===== Excerpted data

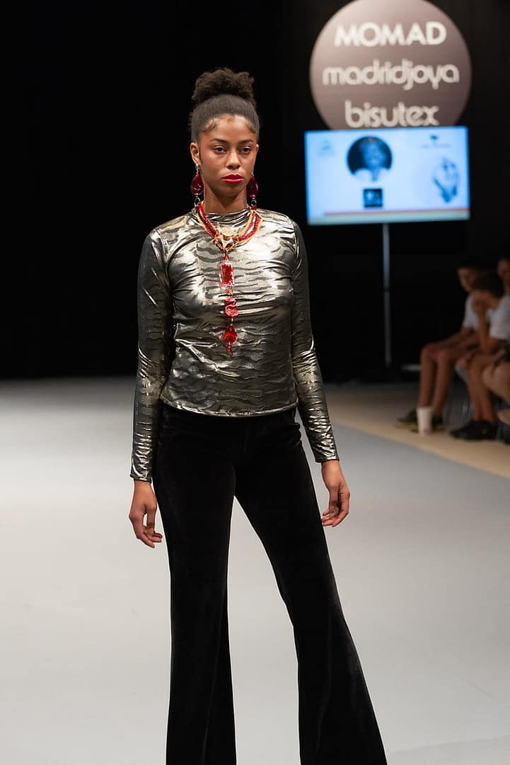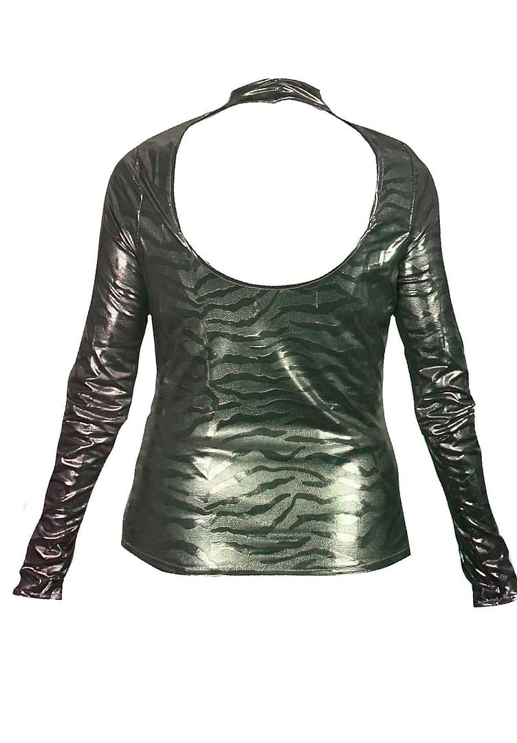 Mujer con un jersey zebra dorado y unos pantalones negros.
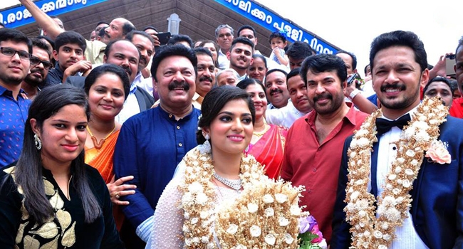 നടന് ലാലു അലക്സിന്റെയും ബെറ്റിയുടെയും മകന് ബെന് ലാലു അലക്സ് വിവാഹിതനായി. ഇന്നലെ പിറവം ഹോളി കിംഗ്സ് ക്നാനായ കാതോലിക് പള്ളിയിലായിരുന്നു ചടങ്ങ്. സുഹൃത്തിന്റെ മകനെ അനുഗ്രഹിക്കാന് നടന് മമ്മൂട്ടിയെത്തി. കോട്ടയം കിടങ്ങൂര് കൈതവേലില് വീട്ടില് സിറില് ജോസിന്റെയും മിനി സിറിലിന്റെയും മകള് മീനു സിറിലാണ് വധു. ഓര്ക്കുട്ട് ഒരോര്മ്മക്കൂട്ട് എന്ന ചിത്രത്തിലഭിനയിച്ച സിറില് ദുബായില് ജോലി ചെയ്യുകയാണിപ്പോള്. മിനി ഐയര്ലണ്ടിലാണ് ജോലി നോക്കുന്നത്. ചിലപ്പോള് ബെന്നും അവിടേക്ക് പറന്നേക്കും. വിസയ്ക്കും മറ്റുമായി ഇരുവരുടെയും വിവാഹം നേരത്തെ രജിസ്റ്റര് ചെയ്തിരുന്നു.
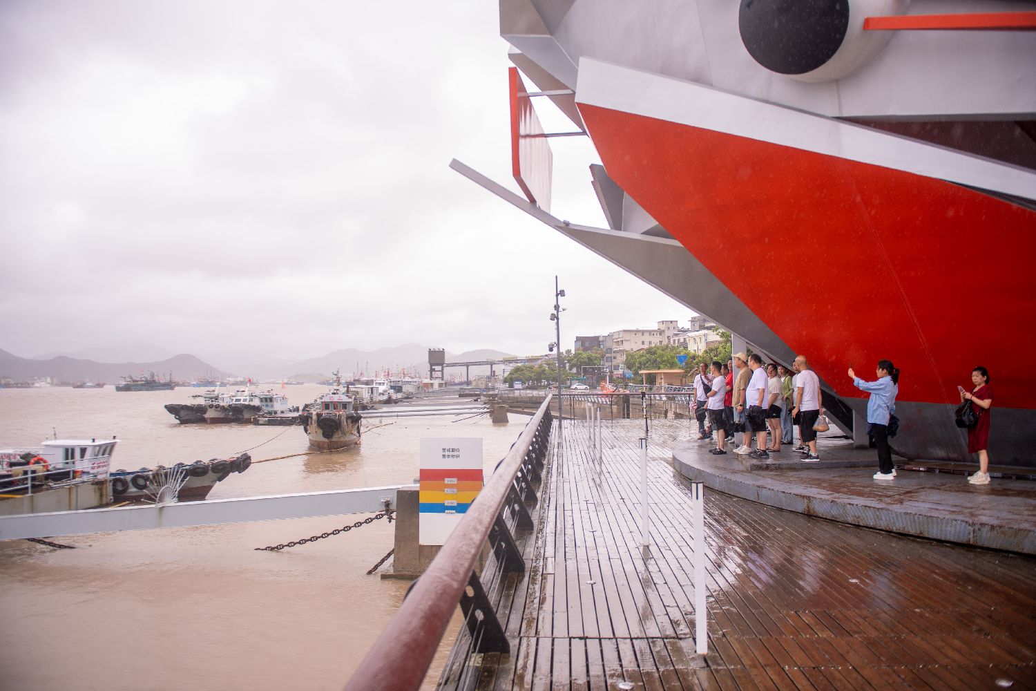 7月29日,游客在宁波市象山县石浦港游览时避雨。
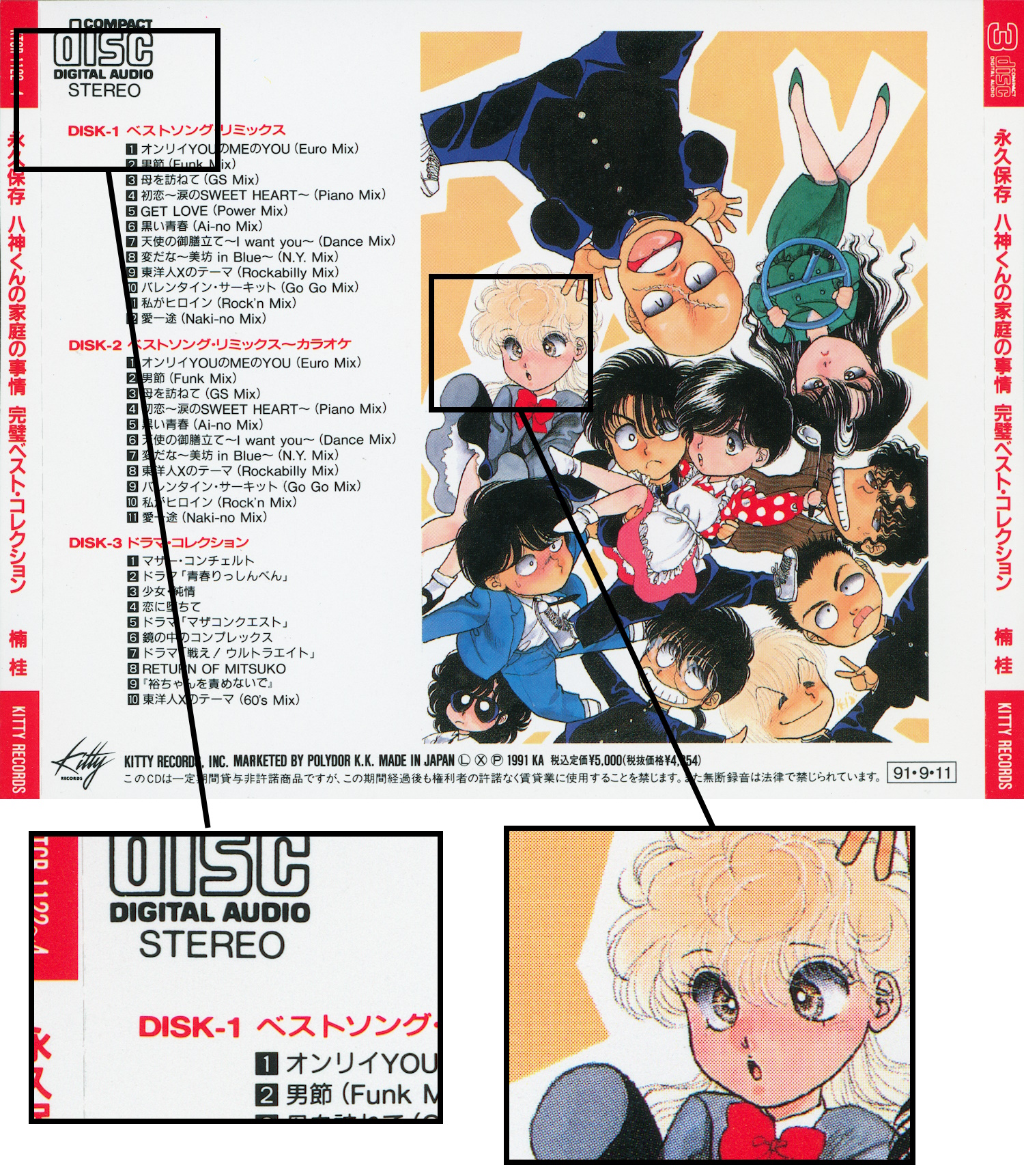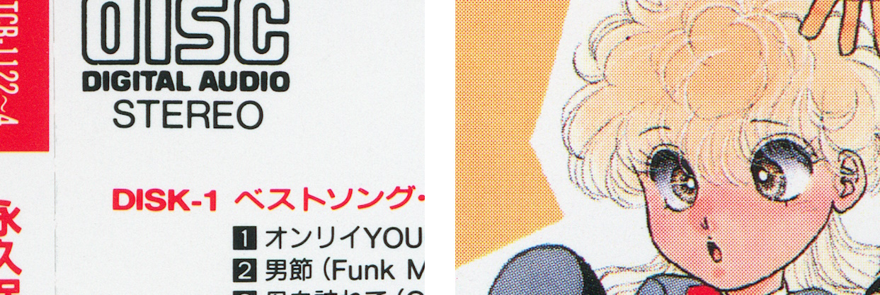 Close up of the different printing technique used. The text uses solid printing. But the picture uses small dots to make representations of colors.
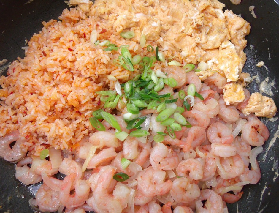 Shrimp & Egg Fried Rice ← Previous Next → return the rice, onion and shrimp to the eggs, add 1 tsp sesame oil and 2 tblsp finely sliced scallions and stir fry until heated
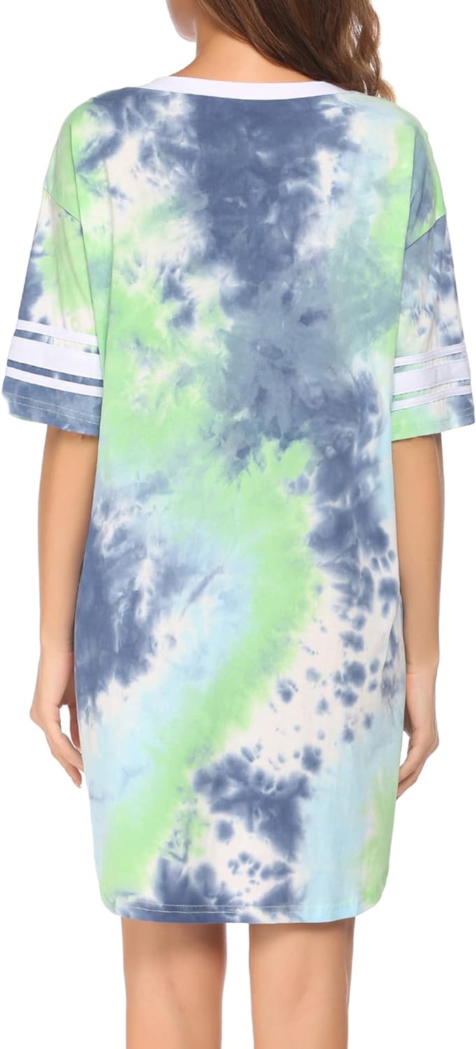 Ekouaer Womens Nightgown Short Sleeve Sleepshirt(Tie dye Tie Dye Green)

==========
===== Excerpted data

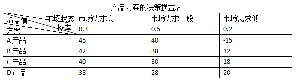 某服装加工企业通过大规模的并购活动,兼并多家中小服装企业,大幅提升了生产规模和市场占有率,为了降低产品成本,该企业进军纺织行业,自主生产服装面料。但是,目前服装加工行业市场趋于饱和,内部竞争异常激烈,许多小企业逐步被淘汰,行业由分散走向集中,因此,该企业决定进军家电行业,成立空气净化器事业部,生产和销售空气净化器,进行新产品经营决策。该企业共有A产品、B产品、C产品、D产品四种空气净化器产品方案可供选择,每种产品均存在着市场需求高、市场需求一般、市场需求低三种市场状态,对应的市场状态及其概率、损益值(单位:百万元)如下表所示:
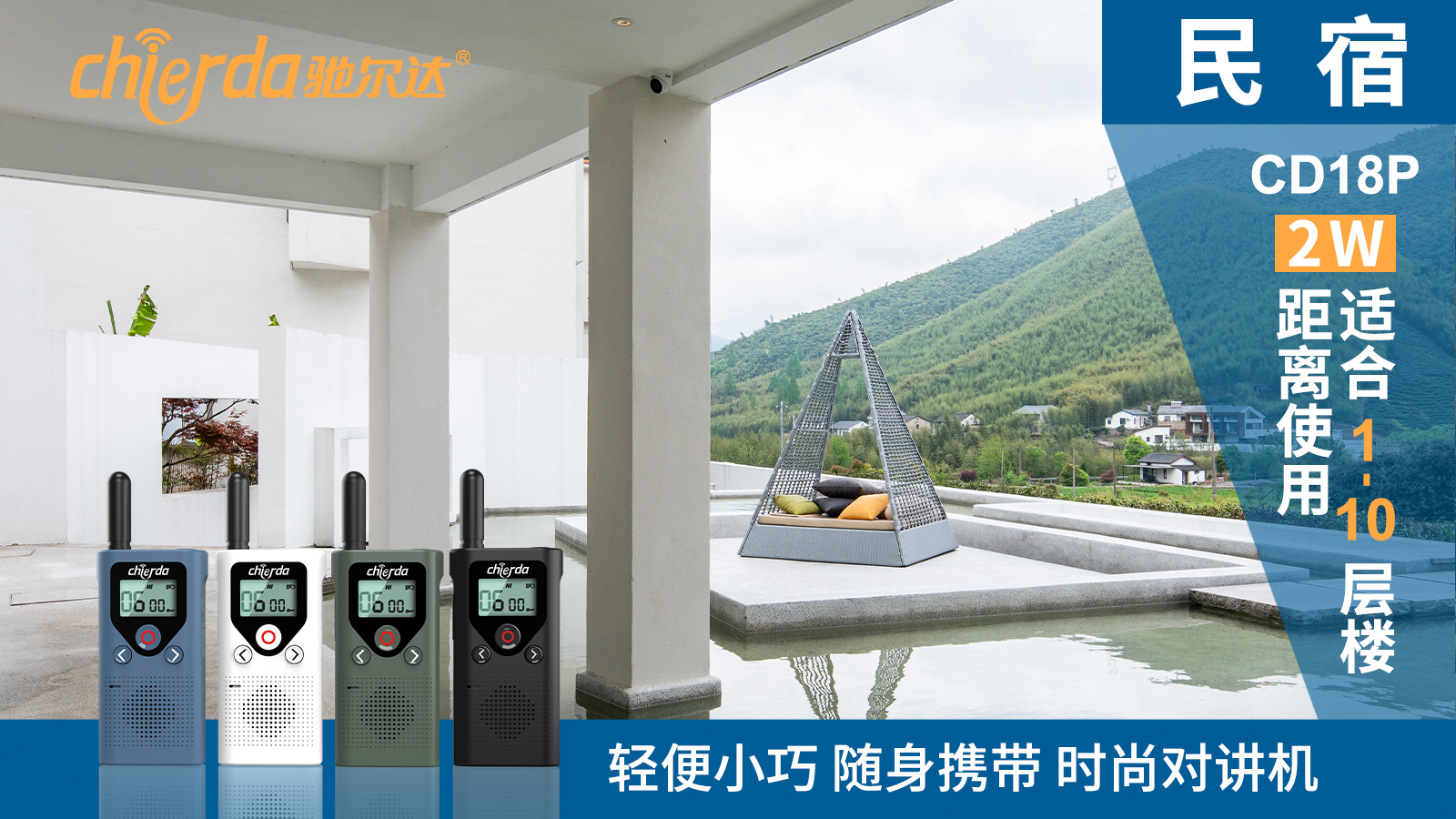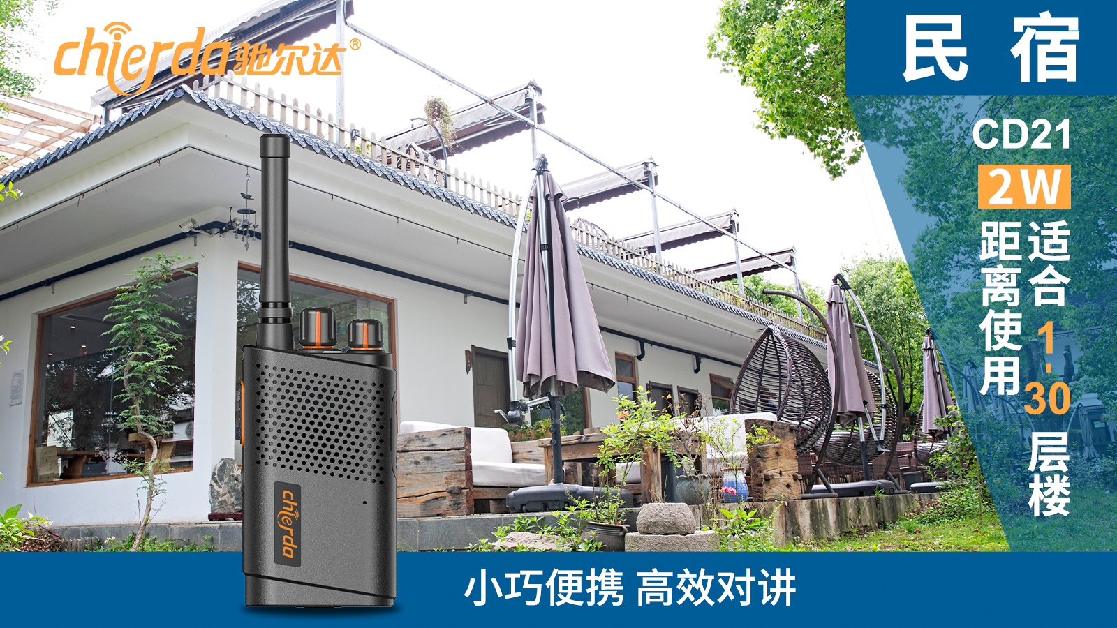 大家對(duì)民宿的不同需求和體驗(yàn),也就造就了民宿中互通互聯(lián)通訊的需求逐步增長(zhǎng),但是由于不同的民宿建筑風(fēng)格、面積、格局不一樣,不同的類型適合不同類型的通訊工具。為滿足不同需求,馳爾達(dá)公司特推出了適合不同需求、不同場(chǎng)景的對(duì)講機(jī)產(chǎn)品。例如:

==========

▶ _To do_
What do the entries above read from the line containing "7月29日,游客在宁波市象山县石浦港游览时避雨。" through the line containing "Ekouaer Womens Nightgown"? Output those lines exactly, both ends included, with the pictures left out.

▶ _Answer space_
 7月29日,游客在宁波市象山县石浦港游览时避雨。
 Close up of the different printing technique used. The text uses solid printing. But the picture uses small dots to make representations of colors.
 Shrimp & Egg Fried Rice ← Previous Next → return the rice, onion and shrimp to the eggs, add 1 tsp sesame oil and 2 tblsp finely sliced scallions and stir fry until heated
 Ekouaer Womens Nightgown Short Sleeve Sleepshirt(Tie dye Tie Dye Green)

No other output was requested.